## [Task requirements]
Starting at the line that contains "조선중앙통신에 따르면 북한은" and stopping at the line that contains "- Platform Combat", restate each line of the records below exactly. Omit the pictures.
#### Data records ####
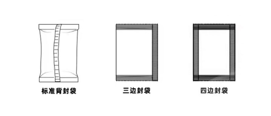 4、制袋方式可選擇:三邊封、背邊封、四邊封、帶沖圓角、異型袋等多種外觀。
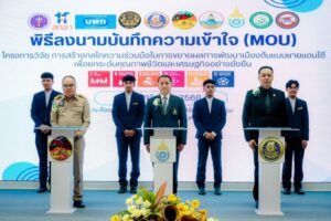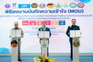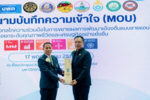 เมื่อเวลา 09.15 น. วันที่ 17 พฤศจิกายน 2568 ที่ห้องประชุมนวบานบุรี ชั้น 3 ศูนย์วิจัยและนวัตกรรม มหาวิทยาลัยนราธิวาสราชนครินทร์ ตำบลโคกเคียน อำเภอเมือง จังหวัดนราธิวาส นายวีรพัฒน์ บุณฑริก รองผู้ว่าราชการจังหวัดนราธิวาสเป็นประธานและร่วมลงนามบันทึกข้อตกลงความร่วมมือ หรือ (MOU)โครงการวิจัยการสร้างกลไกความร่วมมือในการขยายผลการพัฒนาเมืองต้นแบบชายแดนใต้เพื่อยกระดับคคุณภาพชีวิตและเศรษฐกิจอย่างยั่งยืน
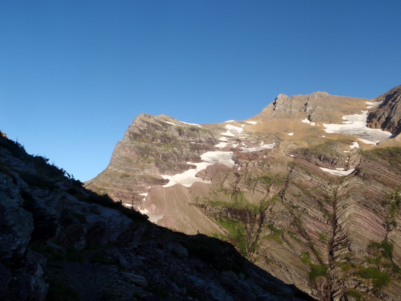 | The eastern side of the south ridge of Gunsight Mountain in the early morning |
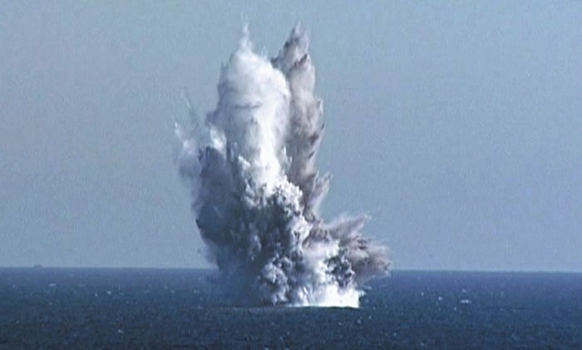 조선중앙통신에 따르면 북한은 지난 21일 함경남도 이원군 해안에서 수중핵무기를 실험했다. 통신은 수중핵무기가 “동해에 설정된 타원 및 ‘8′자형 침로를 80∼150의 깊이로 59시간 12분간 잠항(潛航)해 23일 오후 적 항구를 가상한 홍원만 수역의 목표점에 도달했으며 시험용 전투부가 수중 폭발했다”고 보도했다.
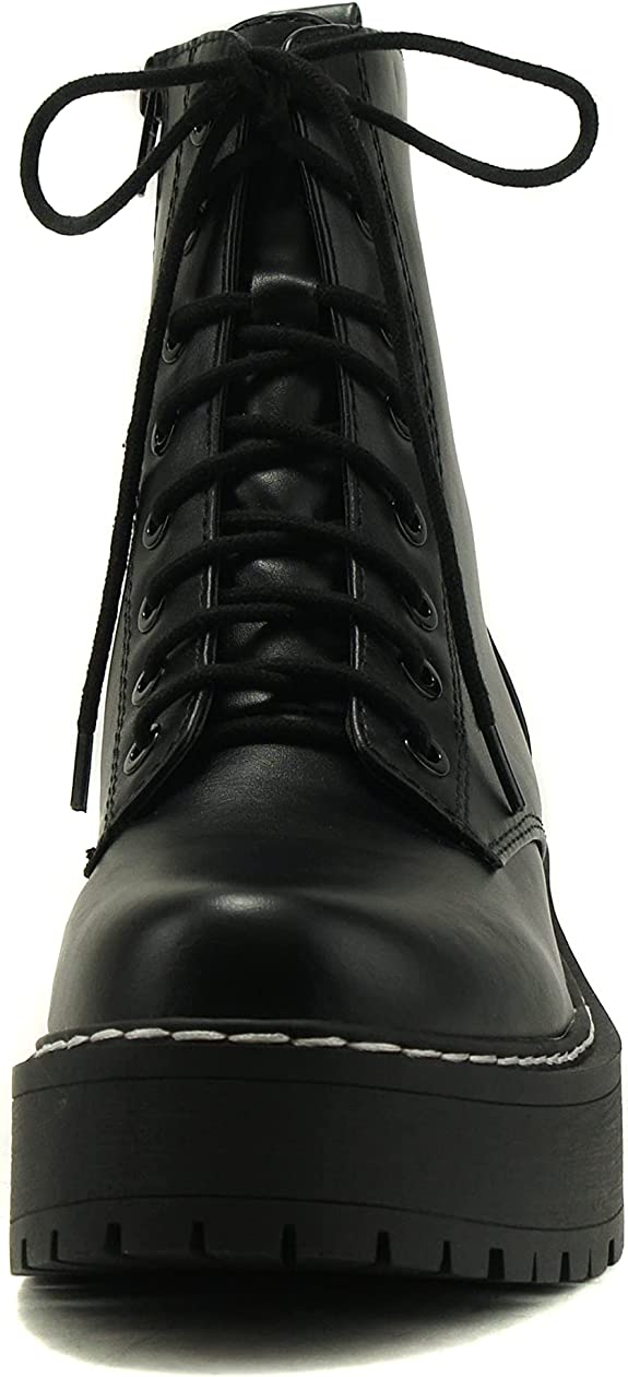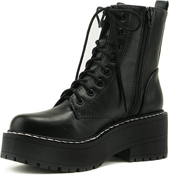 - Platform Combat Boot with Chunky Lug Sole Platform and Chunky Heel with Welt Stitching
####
#### Data records ####
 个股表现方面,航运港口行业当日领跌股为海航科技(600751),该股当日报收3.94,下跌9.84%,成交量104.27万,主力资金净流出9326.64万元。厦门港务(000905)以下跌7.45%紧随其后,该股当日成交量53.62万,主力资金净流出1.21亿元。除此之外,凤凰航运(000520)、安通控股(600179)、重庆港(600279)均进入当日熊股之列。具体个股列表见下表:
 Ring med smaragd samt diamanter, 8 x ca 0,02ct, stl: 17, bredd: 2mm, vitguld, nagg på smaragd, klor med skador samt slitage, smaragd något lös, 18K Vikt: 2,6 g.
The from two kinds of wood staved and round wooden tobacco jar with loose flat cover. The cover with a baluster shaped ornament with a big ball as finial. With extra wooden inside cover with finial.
####
## [Reply to the exercise]
 조선중앙통신에 따르면 북한은 지난 21일 함경남도 이원군 해안에서 수중핵무기를 실험했다. 통신은 수중핵무기가 “동해에 설정된 타원 및 ‘8′자형 침로를 80∼150의 깊이로 59시간 12분간 잠항(潛航)해 23일 오후 적 항구를 가상한 홍원만 수역의 목표점에 도달했으며 시험용 전투부가 수중 폭발했다”고 보도했다.
 - Platform Combat Boot with Chunky Lug Sole Platform and Chunky Heel with Welt Stitching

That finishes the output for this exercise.